## What is expected:
For the copy, please give all of the data again exactly and leave the pictures out.

## Data shown:
#####

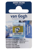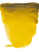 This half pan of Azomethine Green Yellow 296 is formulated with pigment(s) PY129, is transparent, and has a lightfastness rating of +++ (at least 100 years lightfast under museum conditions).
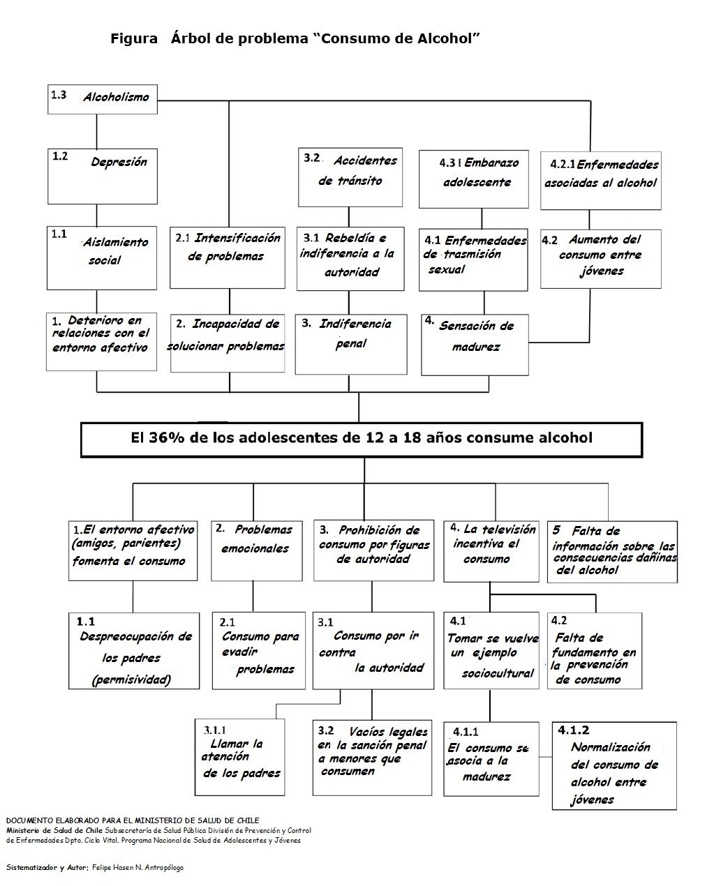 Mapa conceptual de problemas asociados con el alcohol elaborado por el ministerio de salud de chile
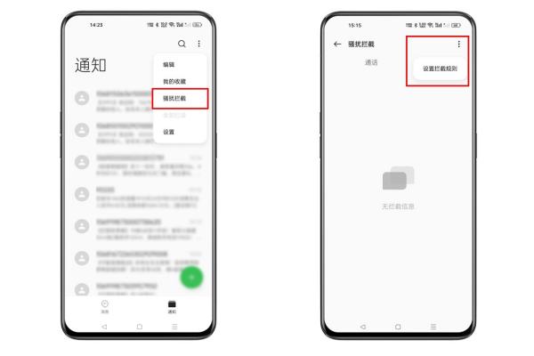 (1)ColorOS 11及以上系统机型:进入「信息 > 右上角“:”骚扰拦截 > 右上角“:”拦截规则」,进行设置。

#####

## Finished exercise:
 This half pan of Azomethine Green Yellow 296 is formulated with pigment(s) PY129, is transparent, and has a lightfastness rating of +++ (at least 100 years lightfast under museum conditions).
 Mapa conceptual de problemas asociados con el alcohol elaborado por el ministerio de salud de chile
 (1)ColorOS 11及以上系统机型:进入「信息 > 右上角“:”骚扰拦截 > 右上角“:”拦截规则」,进行设置。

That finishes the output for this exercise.